Among the locations for Liverpool Biennial 2016 were the Cains Brewery on Stanhope Street, the former ABC Cinema on Lime Street, the Oratory, Toxteth Reservoir, streets, squares, restaurants, a supermarket, and all the key visual art venues in the city including Tate Liverpool, FACT, Open Eye Gallery and Bluecoat. Also presented during the 2016 Biennial are the John Moores Painting Prize 2016 at Walker Art Gallery, Bloomberg New Contemporaries 2016 at Bluecoat, and the Biennial Fringe.

Liverpool Biennial 2016 was curated by Sally Tallant, Dominic Willsdon, Francesco Manacorda, Raimundas Malasauskas, Joasia Krysa, Rosie Cooper, Polly Brannan, Francesca Bertolotti-Bailey, Ying Tan, Sandeep Parmar, and Steven Cairns.

===2018===
The 2018 Biennial ran from 14 July to 28 October 2018 and was called Beautiful world, where are you?.

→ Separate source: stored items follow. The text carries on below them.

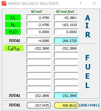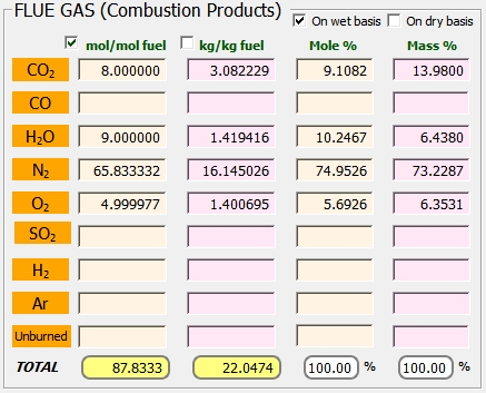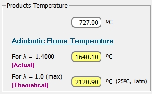 Se pueden repetir estos cálculos para un aire precalentado a 700 K. La temperatura de la llama adiabática del sistema abierto es de aproximadamente 2200 K, que es unos 300 K más alta que 1910 K cuando se utiliza aire a 298 K. Si el precalentamiento necesario para calentar el aire secundario es suministrado por los productos de combustión a 2200 K, entonces la temperatura de los productos de combustión desciende a 1910 K. En otras palabras, si se hace un seguimiento de la temperatura en un sistema de este tipo, ésta subirá gradualmente de 298 K a 2200 K (con una entalpía superior al valor convencional sin precalentamiento) durante un proceso adiabático y disminuirá 1910 K una vez que se elimine el calor para precalentar el aire de combustión. Este esquema se denomina combustión por exceso de entalpía (EEC), que es útil para los combustibles especialmente de bajo poder calorífico o para la combustión que implique un gran exceso de aire con el fin de estabilizar la llama. En cambio, si se quiere mantener una temperatura de 1910 K sin precalentamiento, hay que reducir la concentración de oxígeno, como se hace en los sistemas de combustión de aire a alta temperatura.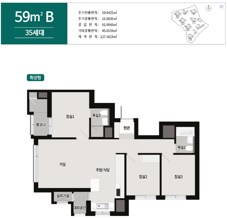 - 59㎡B(35세대) 분양가: 최저 9억 3천 3백 4십 7만 9천원 ~ 최고 10억 2천 4백 7십 9만 7천원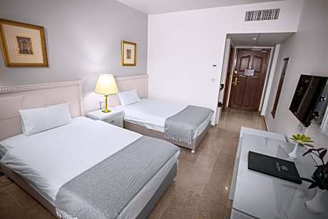 Grand Hotel Madaba provides flawless service and all the necessary facilities for visitors. Share your photos and respond to emails at your convenience, thanks to the free Wi-Fi internet access offered by hotel. Should you desire access to the top entertainment in the city, assistance can be provided by the hotel's tours.Each accommodation at Grand Hotel Madaba is thoughtfully created and adorned to provide visitors with a comfortable, home-like atmosphere. In certain rooms, the hotel offers linen service and air conditioning for guest convenience and satisfaction.At Grand Hotel Madaba, the uniquely tailored rooms provide a configuration choice resembling a balcony or terrace. In select rooms, guests at the hotel can enjoy top-notch in-room entertainment with television and cable TV available for their convenience. Rest assured, in a few chosen rooms, you will find the convenience of a refrigerator, a coffee or tea maker, bottled water and mini bar at your disposal.Maintain your cleanliness and comfort using a hair dryer and toiletries available in select guest restrooms. Embark on your holiday experience in the most ideal manner. Commence each morning of your visit with an on-site breakfast.Experience an unforgettable evening with your fellow travelers just a short distance away, at hotel's bar. Indulge in the numerous pursuits available at Grand Hotel Madaba.Each day at hotel, immerse yourself in the invigorating waters of the pool, perfect for a rejuvenating plunge or a series of revitalizing laps.

Artists included Ryan Gander, Suki Seokyeong Kang, and Melanie Smith.

===2021===
The 11th biennial curated by Manuela Moscoso and titled The Stomach and the Port ran from 20 March to 6 June 2021 in Liverpool and online. Artists include Linder, Judy Chicago, Ithell Colquhoun, Ines Doujak, Nicholas Hlobo, Jutta Koether, Ebony G. Patterson, Anu Põder, and Martine Syms.

===2023===
The 12th edition of Liverpool Biennial, uMoya: The sacred Return of Lost Things, ran from 10 June to 17 September 2023. The Biennial addressed the history and temperament of the city of Liverpool and was a call for ancestral and indigenous forms of knowledge, wisdom and healing. Liverpool Biennial 2023 was curated by Khanyisile Mbongwa.

===2025===
Liverpool Biennial 2025, titled 'BEDROCK', drew on Liverpool's geography and the beliefs which underpin the city's social foundations, acting as a metaphor for the people, places and values that ground all of us. It was inspired by the sandstone which spans the city region and is found in its distinctive architecture.

The 13th edition was curated by Marie-Anne McQuay and took place from 7 June to 14 September 2025.